The pattern is remarkably consistent across industries, platforms, and organization sizes. Leadership wants operational control. They want dashboards, governance, and automation. They want to manage things. But management requires tracking, and tracking requires visibility. Skip the foundation and the entire structure is unreliable.
This framework isn't a project plan. It's a maturity model. It describes the order in which capabilities need to be established for each one to actually hold weight. Organizations that try to implement governance before they have reliable data spend their time arguing about whether the numbers are right instead of acting on them.
See It
"Stop flying blind."
Before anything else, you need to know what you have. What assets exist. What services are running. Who owns them. How they connect to each other. Most organizations think they know this. They're usually wrong.
The goal of this phase is to establish a single, trusted source of truth. Automated where possible, validated where necessary, and visible to the people who make decisions. This isn't about building the perfect data model. It's about getting to the point where leadership stops guessing and starts seeing.
This phase is unglamorous. Nobody gets promoted for running a discovery scan. But every decision made without this foundation is a decision made on assumptions, and assumptions compound in ways that don't surface until something breaks.
Automated discovery scanning endpoints and datacenter assets. Service owners mapping infrastructure to business outcomes. Enterprise architects establishing a clean application inventory. A consolidated knowledge base so end users can find answers without filing a ticket.
The deliverable isn't a report. It's a living data layer that everyone trusts enough to act on.
Track It
"Stop the chaos."
Once you can see what exists, you need to control what comes in. This phase installs the gates: demand management, procurement workflows, change tracking. The mechanisms that ensure new work, new assets, and new requests flow through a governed process rather than appearing out of nowhere.
This is also where the organization starts to feel the change. Visibility is passive. Tracking requires behavior change. People who used to send emails now submit requests. Teams that operated independently now have dependencies surfaced. The friction is real, and it's the point.

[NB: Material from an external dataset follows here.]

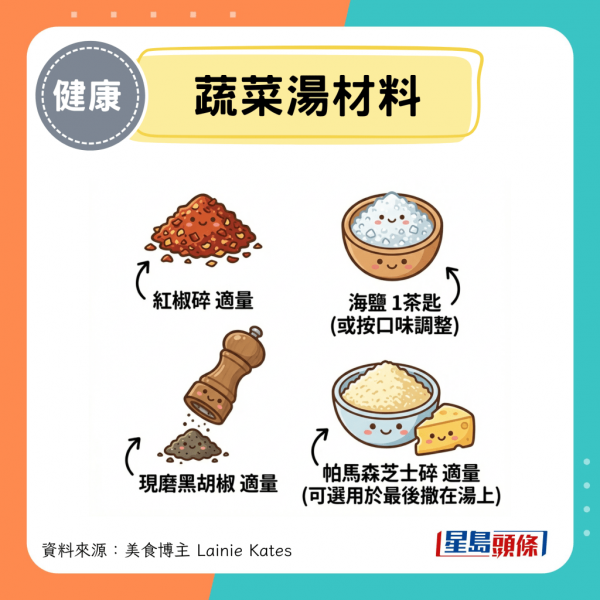 • 帕馬森芝士碎適量(可選用於最後撒在湯上)

Smart organizations de-risk this phase by starting with early adopters. Let a subset of technically fluent teams validate the new workflows in production before the enterprise-wide rollout. The issues they surface at small scale would be crises at full scale.
A single demand funnel for project and budget requests. Automated procurement data flowing into the platform. Change advisory processes with actual teeth. A small group of internal teams running live in the new system, stress-testing workflows and surfacing edge cases before the broader population arrives.
The deliverable isn't governance documentation. It's a controlled environment where work flows through defined channels and exceptions are visible.
Manage It
"Now you can actually run this."
This is where most organizations want to start. Dashboards. Automation. Optimization. The ability to proactively manage the environment rather than reactively fight fires. It's the right goal. It's just not the right starting point.
If phases one and two were done well, this phase is where the investment compounds. The data is trusted. The processes are established. The team has already been operating in the new model with early adopters. The enterprise rollout isn't a leap of faith. It's an expansion of something that's already working.
This is also where the hard cutover happens. The old system becomes read-only. There's no parallel path. That clarity is a feature, not a risk, because dual-system purgatory is where platform transformations go to die.
Full enterprise operational scale. Incident, request, and event management live for all teams. Automated alerting with validated, high-fidelity signals. Portfolio-level views that connect individual work items to strategic priorities. A platform that isn't just deployed but is genuinely the operating model.
The most common failure mode is jumping straight to Phase 3. Leadership wants the dashboards, the automation, the governance controls. The platform vendor is happy to show a demo that looks like it does all of this out of the box.
What happens next is predictable. The dashboards show data nobody trusts. The governance processes create friction without credibility. Teams route around the system because it doesn't reflect their reality. Within a year, the platform is shelfware and the organization is back to spreadsheets.
The framework isn't complicated. The discipline to follow it is.
You can't govern what you can't see. You can't optimize what you don't track. And you can't manage what you haven't earned the organizational trust to manage.
This framework works because it respects the order of operations. Each phase builds the credibility and the data quality required for the next one to hold. Skip a phase and you're building on assumptions. Follow the sequence and each phase reinforces the ones before it.
The organizations that get this right don't just end up with a better platform. They end up with an operating model that the team understands, trusts, and can sustain long after the implementation is over.